• _WORK ORDER_
Give the lines again exactly as they appear, from the first line of the listing through the line containing "9ct Yellow Gold, Garnet", and omit every picture.

═══ RECORDED DATA ═══

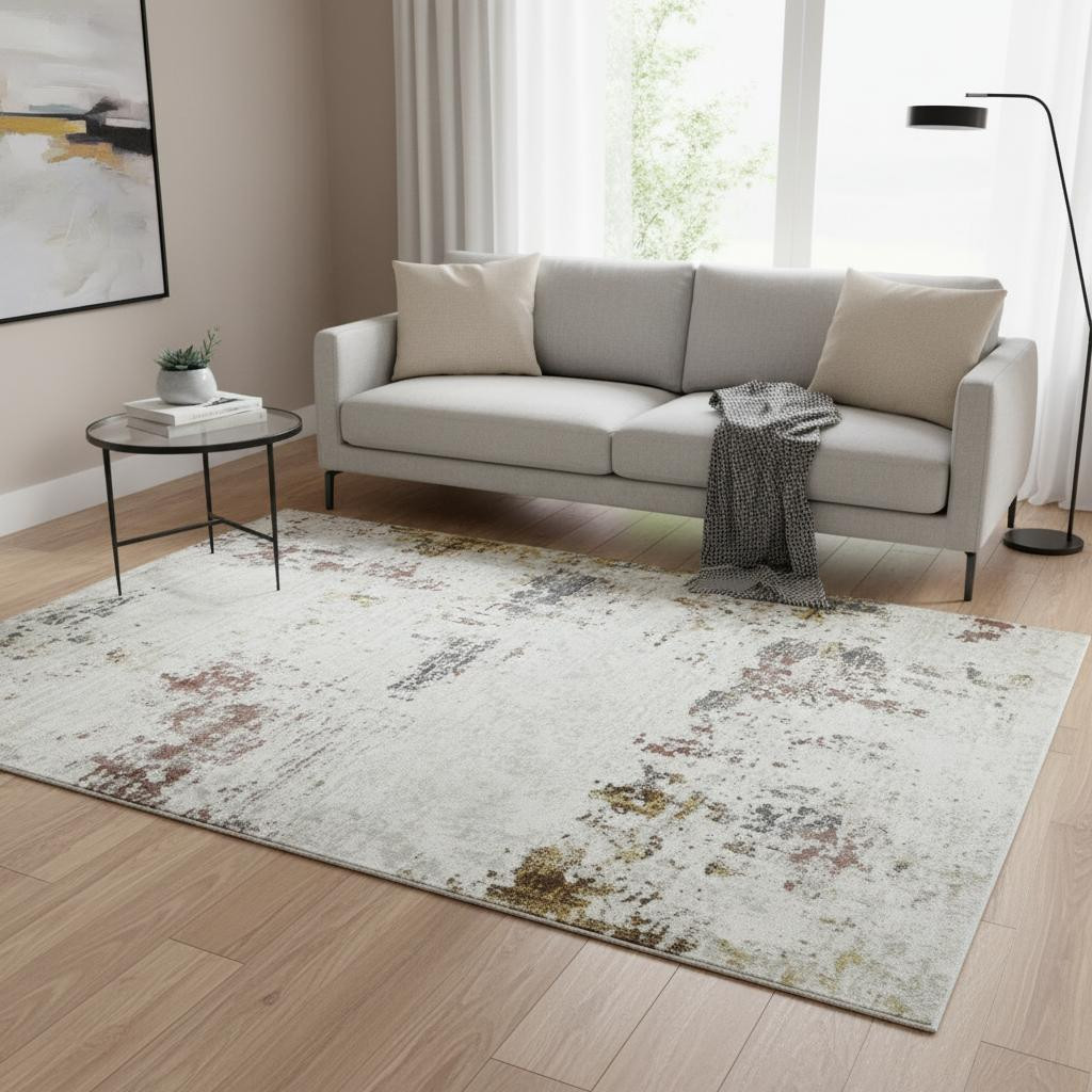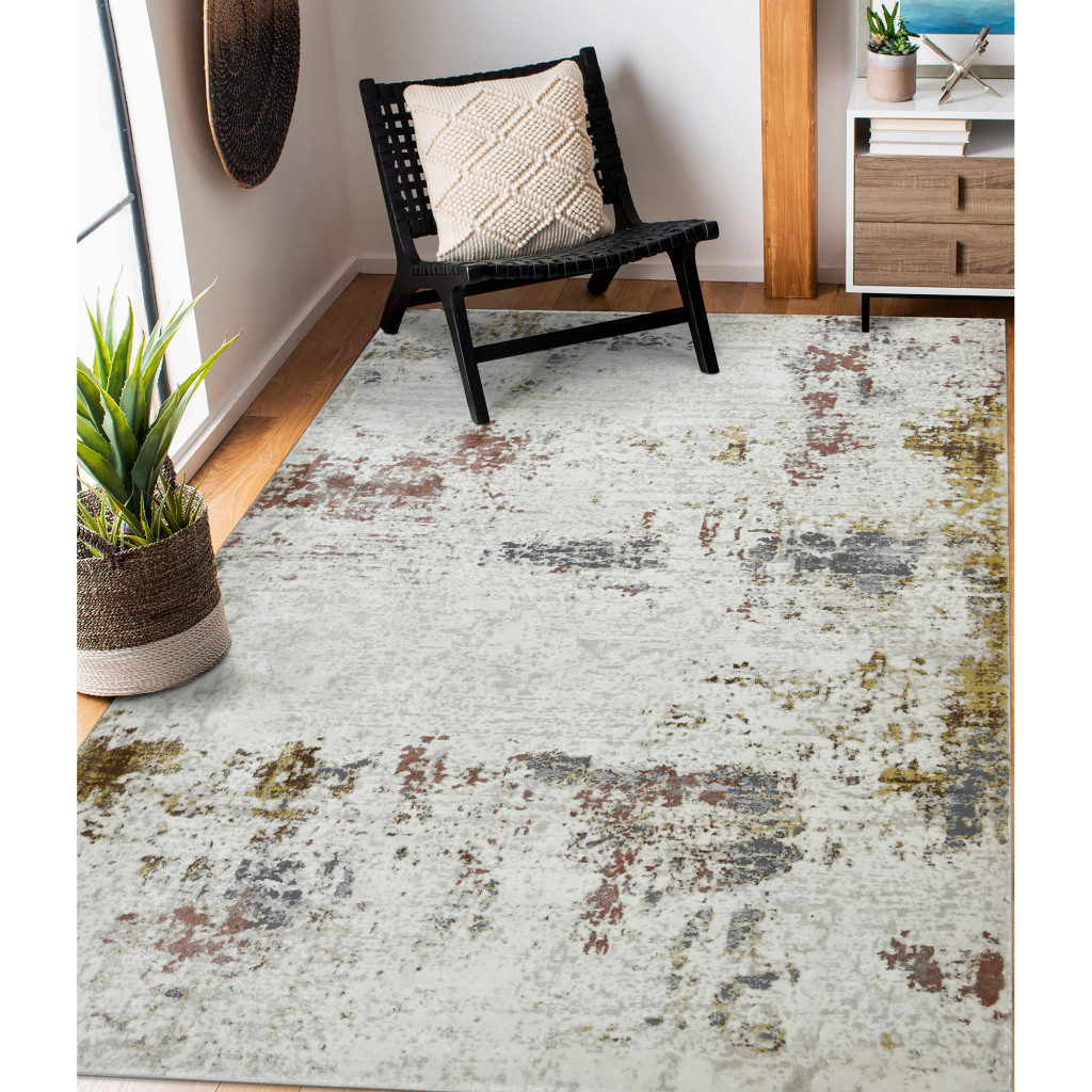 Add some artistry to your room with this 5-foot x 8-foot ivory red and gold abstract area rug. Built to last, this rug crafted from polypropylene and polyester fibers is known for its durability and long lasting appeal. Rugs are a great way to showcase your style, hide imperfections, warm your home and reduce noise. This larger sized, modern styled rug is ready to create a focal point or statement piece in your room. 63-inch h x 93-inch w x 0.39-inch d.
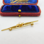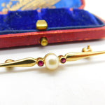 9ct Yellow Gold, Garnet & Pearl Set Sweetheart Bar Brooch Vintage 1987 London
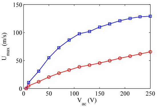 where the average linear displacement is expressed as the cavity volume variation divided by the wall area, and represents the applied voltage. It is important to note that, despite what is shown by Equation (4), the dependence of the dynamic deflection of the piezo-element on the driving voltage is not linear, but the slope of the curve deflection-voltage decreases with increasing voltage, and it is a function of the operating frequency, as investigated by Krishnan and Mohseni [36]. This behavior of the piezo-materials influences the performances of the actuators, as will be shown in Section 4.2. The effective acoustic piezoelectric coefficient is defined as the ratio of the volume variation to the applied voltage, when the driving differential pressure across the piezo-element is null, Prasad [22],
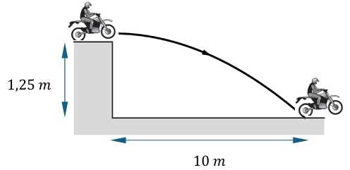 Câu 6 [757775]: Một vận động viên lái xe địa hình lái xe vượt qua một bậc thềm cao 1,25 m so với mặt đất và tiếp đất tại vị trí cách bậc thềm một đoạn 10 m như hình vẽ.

═══

• _EXERCISE RESPONSE_
 Add some artistry to your room with this 5-foot x 8-foot ivory red and gold abstract area rug. Built to last, this rug crafted from polypropylene and polyester fibers is known for its durability and long lasting appeal. Rugs are a great way to showcase your style, hide imperfections, warm your home and reduce noise. This larger sized, modern styled rug is ready to create a focal point or statement piece in your room. 63-inch h x 93-inch w x 0.39-inch d.
 9ct Yellow Gold, Garnet & Pearl Set Sweetheart Bar Brooch Vintage 1987 London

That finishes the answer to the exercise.